On Friday, June 06th 2025 4:40 pm Ponderer said:

I guess Dosh are providing the means with which to submit the required information digitally. The bank then assesses for an approval / decline decision. I can see why it may not fit a "best interest model", as Dosh only facilitates the application. What I would be interested in, is how Dosh are funded, and if anything from Westpac such as brokerage, trail etc... then I would have thought that needed to be disclosed?

On Friday, June 13th 2025 8:06 am JPHale said:

It would appear the Dosh relationship is demonstrating the valid perversion of the advice rules. If its scoped and accepted by the client then its good to go. Scary stuff when you consider the implications at this end of the spectrum vs say car insurance. Not to mention that clients accepting what they don't understand is deeply problematic on many levels. We are playing with the challenge of 84% of people consider themselves a good driver, demonstrating Dunning Krugers is alive and well with the population.

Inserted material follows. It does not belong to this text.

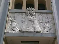 The church façade has receding planes with leaves designed in corbel arches. Over the triple portals of the church is a high-relief frieze depicting the story of La Naval de Manila. The giant bas-relief of Santo Domingo was designed by the Italian sculptor and expatriate Francesco Monti.[4][5]
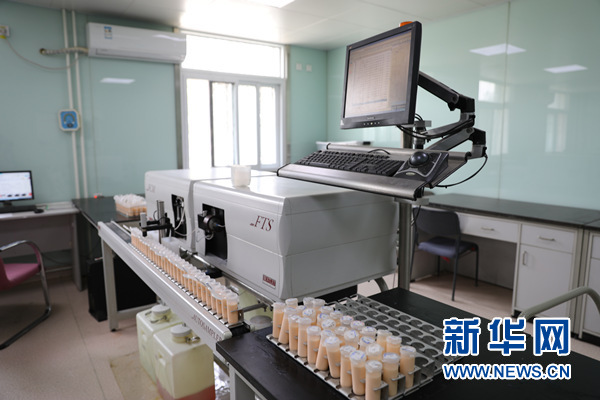 在辦公室簡單的交談后,叢慧敏帶記者來到旁邊的一棟辦公樓,門口的工作人員正在從手推車上卸下裝滿了橙色乳狀液體的試管,這也就是叢慧敏的另一項(xiàng)工作——對(duì)奶牛產(chǎn)下的牛奶進(jìn)行化驗(yàn)分析。除了找到好牛,還得讓牛吃上好料,“跟人一樣,我們也會(huì)根據(jù)牛的身體狀況合理搭配飲食,目標(biāo)就是保證奶質(zhì)好。”每個(gè)月首農(nóng)北京奶牛中心都要檢測(cè)約8萬份奶樣,對(duì)這些來自全國各地的奶質(zhì)進(jìn)行分析,通過數(shù)據(jù)對(duì)比得出結(jié)果,再將結(jié)果反饋給牧場(chǎng),指導(dǎo)牧場(chǎng)飼養(yǎng)過程中需要改進(jìn)的問題?!芭e個(gè)例子,某牧場(chǎng)樣本中,我們檢測(cè)發(fā)現(xiàn)乳脂低了,那么牛的食物里可能是吃的草少了,就需要我們減少某類飼料的分量,增加草的比重?!?/p>

The reality of people thinking they have enough nouce to manage financial services themselves comes with the challenge they have to have enough nouce to know they don't have the nouce to get it right, but by having enough nouce to know, they have enough nouce to do it. How do you manage stupid when stupid is too stupid to know they're stupid? An eternal problem access to the internet proved that knowledge isn't the problem!